From 1875 map of the town of Phelps
Canandaigua Messenger, July 31, 1953
Phelps Junction Busy Place
Again Due To Thruway - Like
Old Times To A. S. Hildreth
by Alice Barton
“Phelps Junction Lives Again.”
The dandelions and Queen Anne’s lace growing between ties of the Pennsylvania and New York Central rails at the once-busy junction are now covered with diesel oil and cement dust. Phelps Junction has come alive, with the building of the super-highway, New York State Thruway, and the very means of the Junction’s decline - motor transit - is now causing the sidings to be full of covered hoppers of bulk cement and long flatcars of reinforcing steel for the highway. Trucks busily ply between the nearly Thruway and the Junction, transporting the cement and steel and other supplies.
Phelps Junction 50 years ago was the center of business activity and passenger travel. A. S. Hildreth, 40 W. Main St., agent for the Pennsy and New York Central railroads for more than 50 years, remembers well when he arrived at Phelps Junction August 1, 1902, just 51 years ago this week.
There was a passenger train each way every two hours, and it was common practice for Mr. Hildreth to work 16 hours a day. He was telegrapher, baggage and express agent, ticket seller and factotum at the joint agency.
500 Tickets A Day
Riffling through a box of momentous, Mr, Hildreth found some old timetables, a packet of passes issued each year to him throughout the years and clippings of outstanding events of the day,
One timetable, vintage of 1892 was marked “Northern Central Railway” the old name for the Pennsylvania. It showed the schedule of six trains a day going through Phelps Junction. The New York Central had similar timetables. An even older timetable had been sent some years ago to the Philadelphia museum for preservation.

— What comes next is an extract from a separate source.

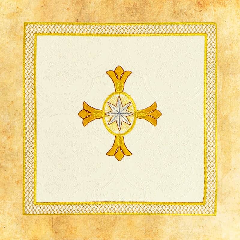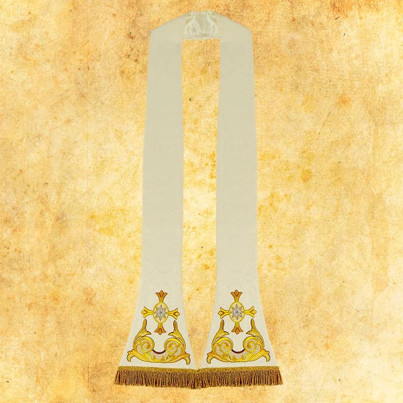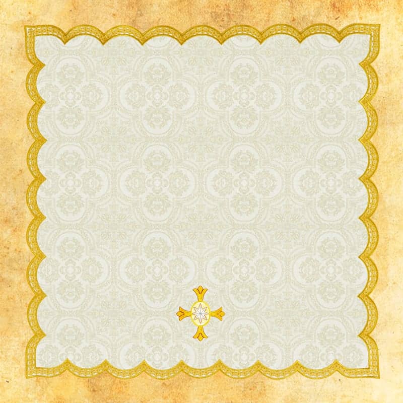 The set is made of high-quality jacquard fabric. The fabric is very pleasant to the touch with a subtle sheen.nThe chasuble is lightweight, stiffened with soft non-woven fabric. Lined with satin in the same color.The set consists of a chasuble, stole, maniple, veil, and bursa.One size fits all.

Mr. Hildreth recalled that he sold as many as 500 passenger tickets a day during peak seasons.
Vaudeville troupes and old-time stock companies carrying their scenery were another part of the big business, according to Mr. Hildreth. Troupes with immense amounts of baggage as well as the scenery were loaded and unloaded at Phelps Junction so that the actors and actresses could make their “one-a-day” stands in nearby cities.

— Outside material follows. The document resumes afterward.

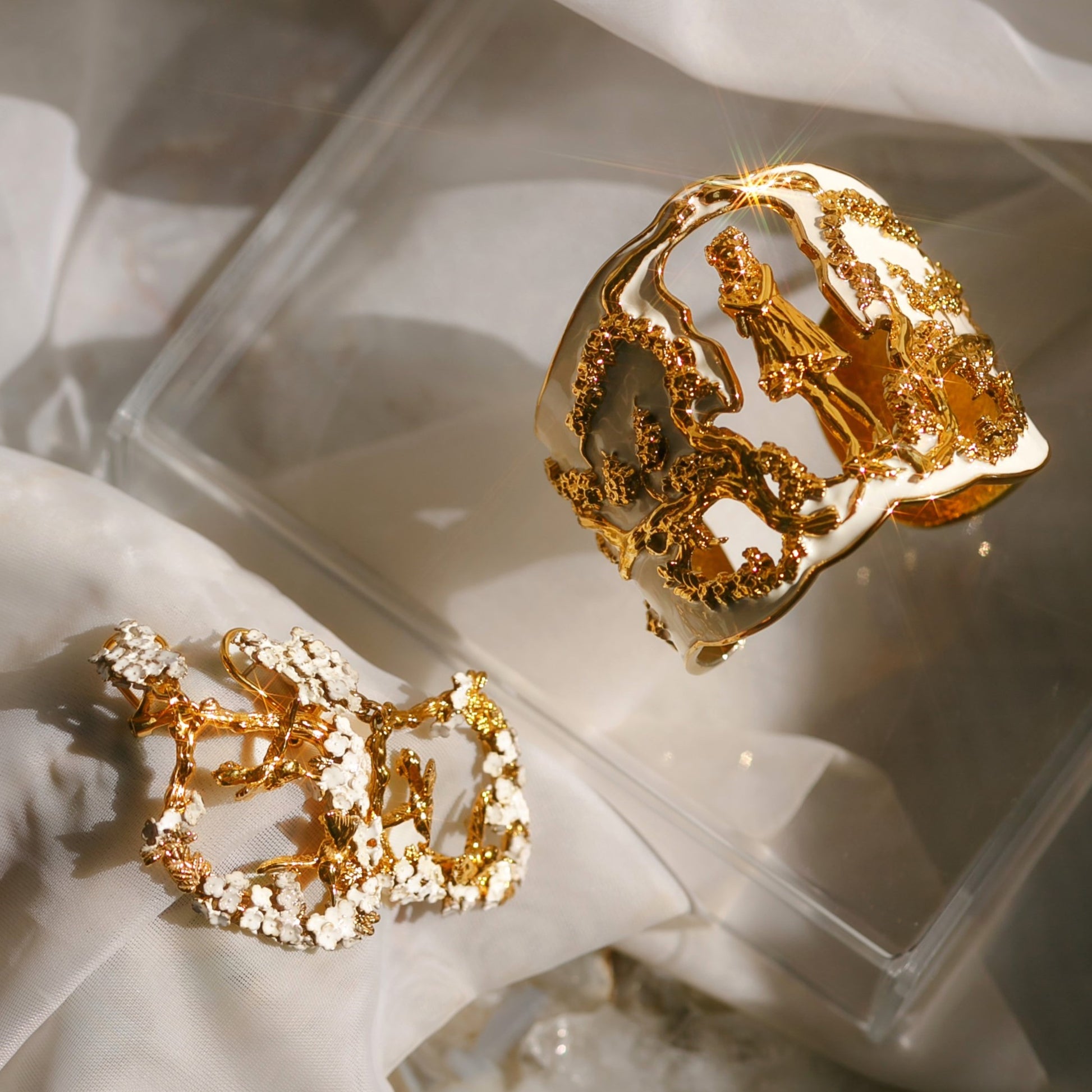 Inspired by Angela Mia's bronze sculpture Harmony , this exquisite bracelet cuff is crafted with 18K gold plating and adorned with an enchanting hand-painted ivory enamel finish.

Twenty 10-gallon cans of milk were shipped each day at the Junction; and by 1912, tons of cabbage and potatoes were being shipped in bulk out of the Junction to New York, Philadelphia and Pittsburg. Produce became big business for the railroads until the gradual inroad of truck transit. As highways were improved, more trucks were piled with local produce for shipment to the cities, and the gradual decline of the Junction began.
There are no passenger trains now that stop at the junction. About five yeas ago the old passenger and freight station burned to the ground, and with it, many old records which had been stored there. The only buildings at the Junction now are the Charles S. Robinson coal and oil storage buildings and Mr. Robinson’s office.
Reminiscing on his job as agent, Mr. Hildreth recalled that he was first an “extra agent” sent out where needed to relieve the regular agent and that was his first job at Phelps Junction. Then he became the joint agent for the two railroads.
It was not long after he became agent at the Junction that a tragic accident took place when an engine jumped the track near Sodus Bay and live steam burned many passengers who died. Mr. Hildreth worked all day and all night then, sending messages by wire; re-routing trains, answering the frantic questions of relatives and friends.
Mr. Hildreth was he last agent at the Junction. He retired about 10 years ago. About 15 years ago he went to Stanley as block operator for the Lehigh and Pennsylvania, but returned to Phelps to make his home after retirement. He was succeeded at the tower in Stanley by Howard Cayward, another veteran.
He looked at the long line of covered hoppers on the tracks at the Junction, and tag the elevators from which the loose cement poured into the Thruway trucks. It seemed like old times again to have the Junction siding full of freight.
Photo by Paul J. Templeton
Phelps Junction in the mid-1970s, looking east on the Auburn branch, at the "diamond." This is what was called an "automatic interlocking."